I slip my kitten heels on and head out.

"I love you" was one of the biggest Elephants in the room between Nikki and I.

We should have said it and we knew that, but we just didn't say it.

At first I was waiting for him to say it, then he never did...so I just decided it was something we wouldn't do.

Love's an action instead of an emotion, anyway, so I didn't think it was a big deal that neither of us had heard it from the other because we showed each other we loved each other in other ways...until we didn't anymore...and started keeping score, measuring who was winning by who was hurting who more, instead of trying to be better to each other.

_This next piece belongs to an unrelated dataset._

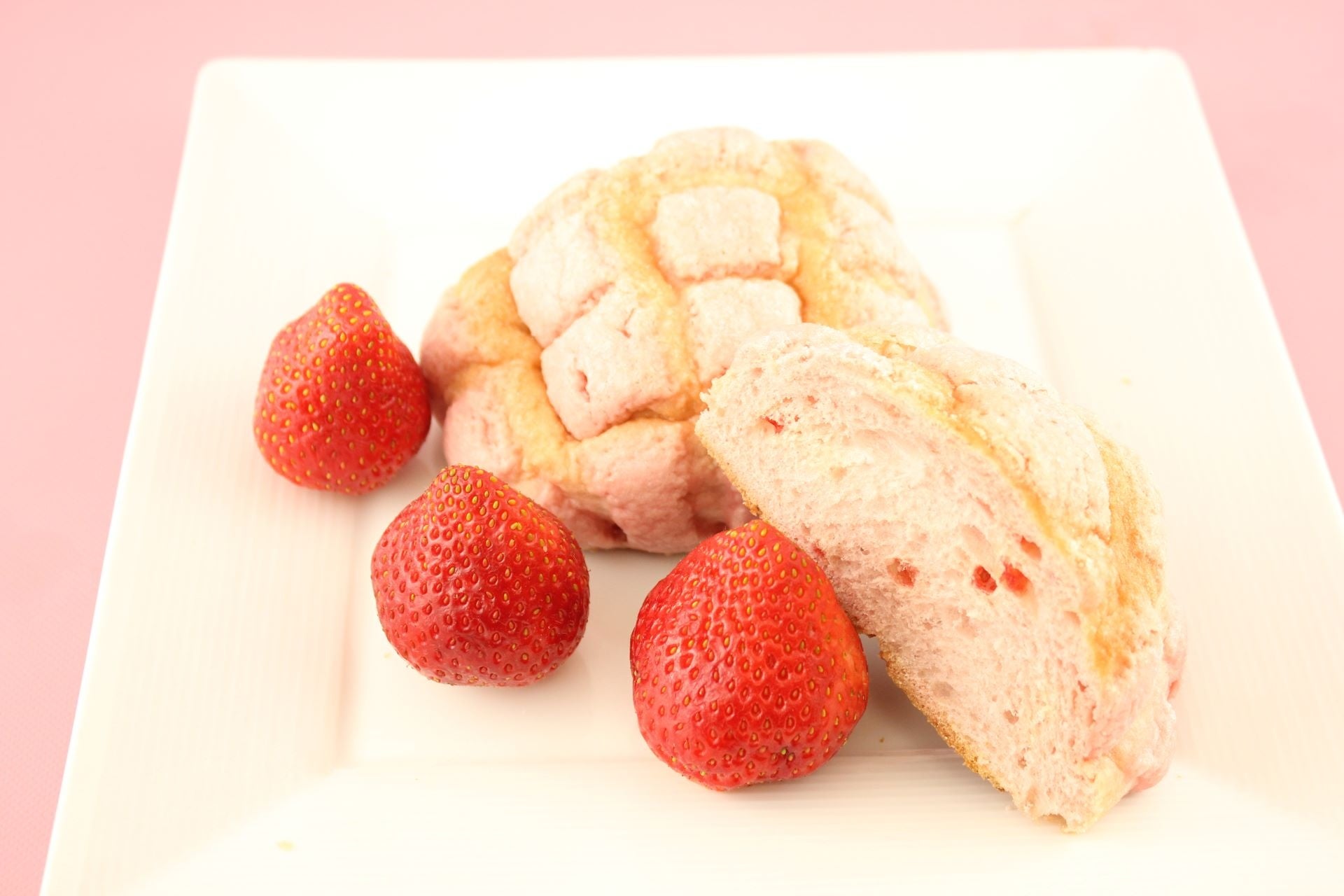 イチゴ顆粒を練り込んだソフトな食感の生地に、いちご風味のクッキー生地をかぶせてふんわりと焼き上げました。

I had to face that ugly reality when we were both screaming "I hate you" with Fred and Doc trying to break up one of our argument-turned-near-fist fights backstage at the last North American show of "Girls, Girls, Girls."

That was the night I got pregnant with my first son, Monroe, and the man barking about how much he hated me, isn't the father.

It's safe to say I won.

My heels click down the concrete stairs of the church as I walk to Nikki's black corvette after service is over, furrowing my brows the closer I get, seeing a white slip of paper tucked under the windshield wiper.

I pluck the paper off and see it's a ticket for $350.00 with "BROKEN TAIL LIGHT" marked on it.

"My tail light isn't broken." I argue to myself, stepping around the back.